Now we have a new oceanic mystery that, for the moment, we can only explain with conjectures. It turns out that our humpback friends have begun to organize themselves into authentic cetacean armies that run along the coasts of South Africa. And nobody knows very well why.

Humpback whales have always been solitary animals. In fact, until quite recently, when scientists came across a group of 10 or 20, they considered it "big." The groups we are talking about can now reach 200 members.



But there are more. It turns out that humpback whales often migrate to tropical waters to breed, but by this time of year they should have returned to the frozen waters of Antarctica. Is it possible that some soulless businessman has made an underwater plagiarism of Sónar, which probably has a very small name like Sómar, and are the poor humpback whales spinning nonsense in search of an after?

Okay, it's a fucking theory, but do not think the researchers have things much clearer. This is what we know at the moment: the majority of whales that form these groups are young . If they were adults, another rooster would sing: as you can imagine, two hundred and thirty thousand kg bigardos can not go out in a gang and feed anywhere in free buffet.

Scientists see clearly that these whales have joined together in the interest of hunting together and feeding, but no one can tell why they have begun to come together in such large groups.
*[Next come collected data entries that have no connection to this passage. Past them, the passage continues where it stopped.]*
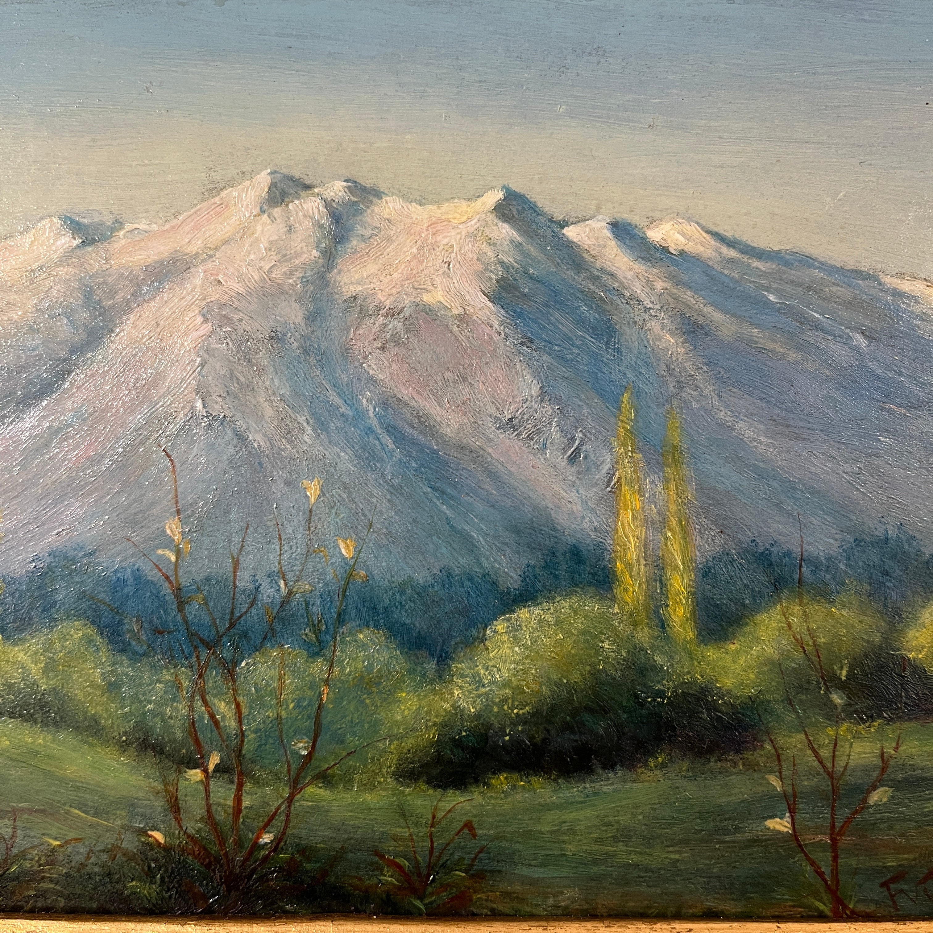 Florencio Vial - Óleo sobre madera 'Paisaje valle y cordillera'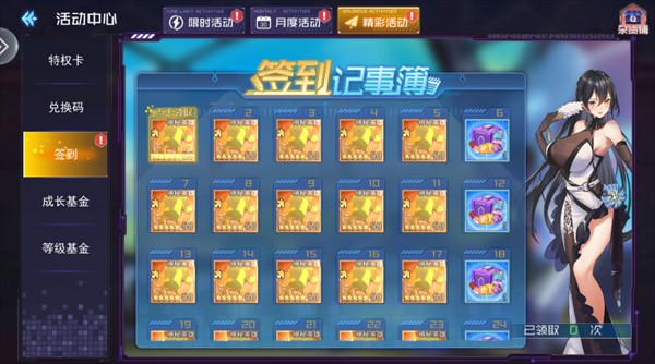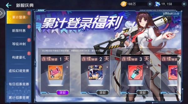 连续登录可获得丰厚奖励,包括双倍幸运券、5星角色碎片、蓝色进阶材料和红色装备箱,同时还有等级冲刺、构建豪礼等子活动,覆盖角色、装备、材料,是前期战力提升的关键。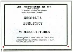 Michael Bielicky's first United States based group exhibition at the Anthology Film Archives, New York in 1990. - Ginette Major (Ed.). Images du futur '91: 31 mai - 22 septembre, cité des arts et des Nouvelles technologies de Montréal. 1991. p. 18.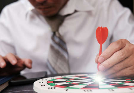 Businessman hands in black suite sitting and holding black dart put to centre of target board with stacking coin on vintage table meaning of investment and achievement goal. Plann and strategy concept

This phenomenon only takes about 5 years, so the increase in the population of the species could be an explanation.



Only a few decades ago the hunt for these animals reached such an extreme that 90% of the world's humpbacks had died at the hands of man, but since they were declared a protected species in 1996 its population has been increasing little by little. Is it possible that humpback whales have always been that sociable, but there were not enough of them for us to appreciate?

Another possibility is that we simply have not noticed in the right places. If hundreds of whales have been setting together the macro festivals in the middle of the Pacific Ocean, chances are we would never have noticed them.